Fortalecendo a luta contra as mudanças climáticas com movimentos importantes, a Turquia concluirá projetos realizados em muitas áreas, do meio ambiente à energia, da indústria à agricultura, da urbanização ao transporte em 2022.

A Turquia, como o mundo inteiro, sente profundamente os efeitos negativos das mudanças climáticas. Inundações na capital Ankara, Giresun, Rize, Artvin, Kastamonu, Bartın e Sinop nas últimas semanas, sumidouros em Konya, incêndios florestais em Antalya e Muğla, mucilagem no Mar de Mármara, efeitos negativos das mudanças climáticas. mostra seus efeitos.

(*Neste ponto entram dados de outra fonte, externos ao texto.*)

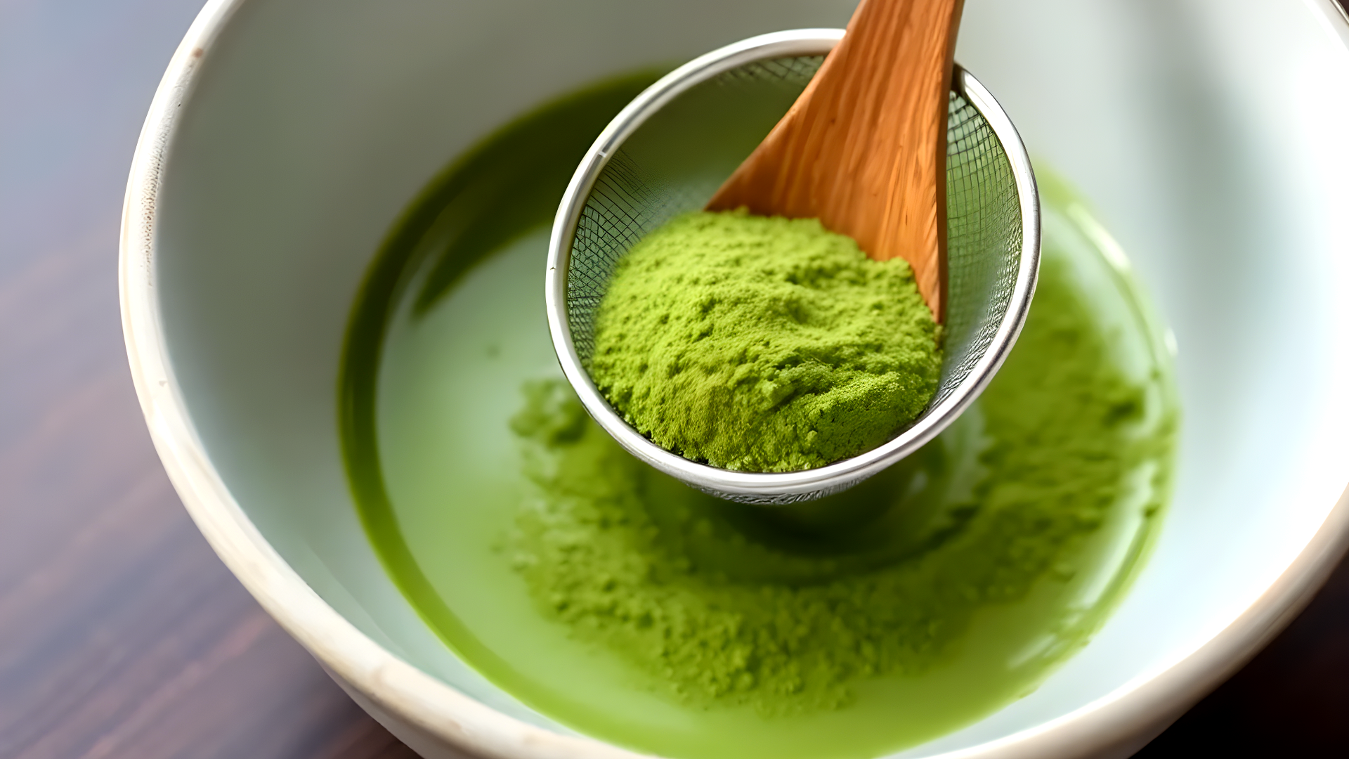 Use a tea strainer to sieve 2 teaspoons (approx. 2 g) of matcha into your matcha bowl. This step removes lumps and ensures a smooth texture.

O presidente Recep Tayyip Erdoğan explicou no Fórum das Grandes Economias sobre Energia e Clima que as mudanças climáticas e os problemas ambientais são uma questão comum para a humanidade, e que as respostas a eles devem ser o produto da solidariedade global. Enfatizando que a Turquia considera o enfrentamento das mudanças climáticas e dos problemas ambientais como uma de suas questões prioritárias, Erdoğan lembrou que, com esse entendimento, ratificaram o Acordo de Paris e anunciaram a meta de emissão zero líquida para 2053 e a revolução do desenvolvimento verde.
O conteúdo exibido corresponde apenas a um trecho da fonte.